There are interesting and insightful discussions around complexity of chord diagrams like this and this. Some explore and use other diagrams to visualize “flow data” equally or even more effectively, of course, all depending on specific objectives of data analysis (and thus communication of the results). One example is Sankey diagrams, named after an engineer and captain from a century ago.

Below figure shows how same migration data from this paper can be visualized in chord and Sankey diagrams. Figure 3 is the flow data matrix. (NOTE: the two diagrams were extracted from these excellent sites on data visualization: here and here.)

Figure 2. Same data, different visualization: Chord and Sankey diagrams based on same migration data (Source: https://www.data-to-viz.com/graph/chord.html and https://www.data-to-viz.com/graph/sankey.html)

Figure 3. Matrix of migration

In this example of migration across regions between two time points, Sankey diagram on the right is relatively easier to understand “flow” because it separates the beginning and end of the period into essentially two stacked bars. Data users do not need to understand chord color and base arc length in the chord diagram on the left. Nevertheless, in my opinion, a consistent box color for each region on both sides might be even easier to understand. The diagram can be also used to visualize multi-period flow data like here, beyond just two-state.

2. Family planning use and demand dynamics

As clearly illustrated in the “leaking bucket” figure, women’s contraceptive use and demand for family planning change overtime. Without panel data, it is difficult to have family planning use and demand flow information: i.e., demand met (specifically contracepting), demand not met (a.k.a. “unmet need”“), or no demand for family planning.

Figure 4. Leaking Bucket (Source: Jain A. The leaking bucket phenomenon in family planning. 2014. https://champions4choice.org/2014/09/the-leaking-bucket-phenomenon-in-family-planning/)
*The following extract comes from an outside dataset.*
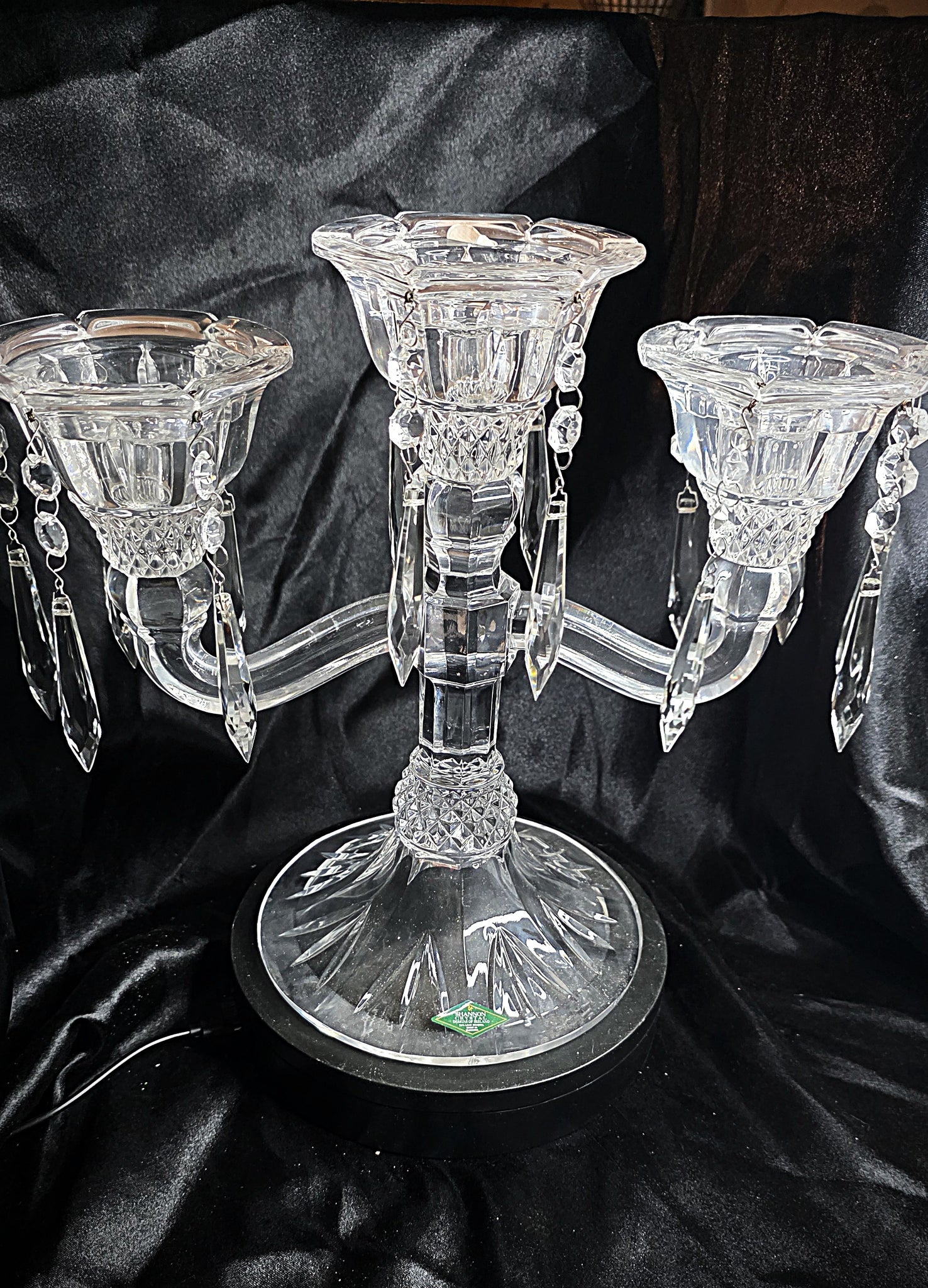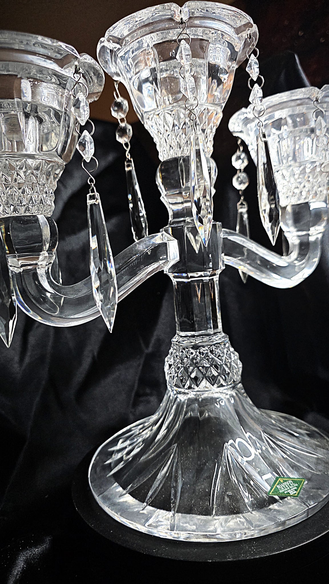 This example is particularly special, retaining both its original maker’s label and its original presentation box, offering collectors a rare opportunity to acquire a crystal centerpiece that has been admired, preserved, and passed down with care. Whether displayed on a dining table, set upon a formal buffet, styled with seasonal florals, or used to illuminate a quiet evening gathering, it transforms the atmosphere with a rare and undeniable presence.

But, cross sectional surveys, including the most well known Demographic and Health Surveys, have provided flow information among women who ever used contraception in the five years before a survey: i.e., continued using a method, switched to another method, or discontinued the use. More about the survey’s “calendar data” is here.

It is often measured in 12-month “rates” (i.e., percent of episodes discontinued/switched within the time frame), and below table shows how the data are presented typically. In this example, overall (see the bottom row, “All methods”), contraceptive use continued in most episodes, but about a quarter of episodes discontinued (because of 7 reasons listed in columns). Six percent of the episodes (which is captured in the ‘any reason discontinuation’ column) were switched to another method use. Rate of discontinuation varies by method, ranging from 10% in implants to 34% in pills (of course excluding 0% discontinuation among female sterilization cases). It is highly recommended to read the footnote of this table very carefully.

Figure 5. 12-month discontinuation data from Tanzania 2015-2016 DHS (Source: Tanzania DHS 2015-2016)

Given its dynamic nature, a flow diagram would be a good visualization approach. Next section presents reproducible R code to generate the two diagrams using the above data from Tanzania 2015-2016 DHS.

But, wait! There is missing information to create the diagrams: detailed switching information - for example, among those pill use episodes that switched to other methods (second last column), percent distribution by new switched method. That information is actually available in the “calendar data” but typically not tabulated routinely. Since my purpose here is to demonstrate and compare visualization approaches, no individual-level data are analyzed to calculated that information (which itself alone is a significant and complex data analysis activity!). Rather, the tabulated data are used with a simple, though unlikely assumption: the new switched method is randomly chosen (clearly not the case in the real world), and, thus, switching to each method has same probabilities.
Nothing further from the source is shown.